St. Vincent’s History
An English-Speaking School Is Established in Santa Barbara
When Mexico lost its hold on California in the late 1840s, East Coast Bishop Thaddeus Amat felt Santa Barbara was in need of an English-speaking school and orphanage. So he sent two nuns from Maryland to the new state to establish such a school. Historian Walker A. Tompkins describes the sisters’ arrival in his tome The Yankee Barbareños:
Early in January 1858, beachcombers must have been puzzled to see the arrival, by surfboat from a passing ship, of two young nuns wearing the white gull-wing coronets and blue peasant gowns of the Holy Order of the Daughters of Charity founded by St. Vincent de Paul. … a pair of burly sailors carried the sisters ashore and set them down on a beach near the mouth of Mission Creek.

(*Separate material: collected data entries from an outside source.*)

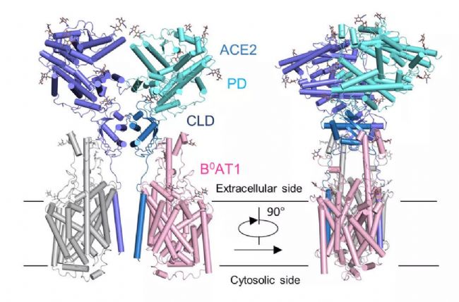 幾乎在同時(shí),西湖大學(xué)周強(qiáng)團(tuán)隊(duì)成功利用冷凍電鏡技術(shù)解析出此次新冠病毒的受體-ACE2的全長(zhǎng)結(jié)構(gòu)。這是世界上首次解析出ACE2全長(zhǎng)結(jié)構(gòu),和清華大學(xué)的研究結(jié)果相互補(bǔ)充和支持。(ACE2-B0 AT1復(fù)合物結(jié)構(gòu)圖)
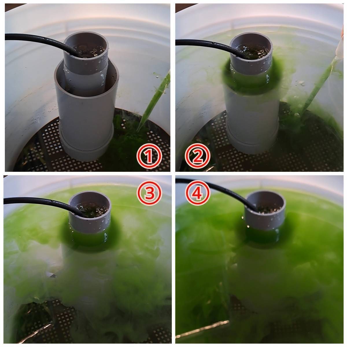 本商品による攪拌(かくはん)の様子です。エアーリフト機能によりミジンコの餌となる生クロレラ(PSB等)が画像にあります様に緩やかに落ちるような水流で良い感じに全体に攪拌される仕様となっております。それに伴いミジンコの死滅を防ぎつつ、飼育密度をあげることが期待されます。
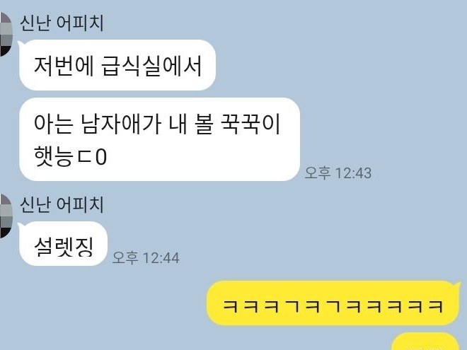 "어, 체육복 못 챙겼는데 아까 급식실에서 본 애옹선배님이 빌려줬어"

… They were Sister Andrea Gibbs and Sister Mary Mullane, ages 21 and 25 respectively. Upon their arrival in Santa Barbara, the sisters were escorted to the Aguirre adobe, on the northwest corner of Anacapa and Carrillo. Judge Francis J. Maguire assisted the newcomers, helping them to start their first school there and then to locate an acreage of public land west of the town—12.5 acres on Rancho Cieneguitas. They purchased the property in 1858 from the United States government of one dollar per acre. Today … the Daughters of Charity at St. Vincent’s operate their mission of mercy in the same location, at 4200 Calle Real, although their acreage has been drastically reduced through sales. Initially, the property included the campus of today’s La Colina Junior High School and extended as far west as the old county dump and Health Care Services complex ….
From the 1930s onward, the school’s services were directed toward students with mild-to-moderate developmental disabilities.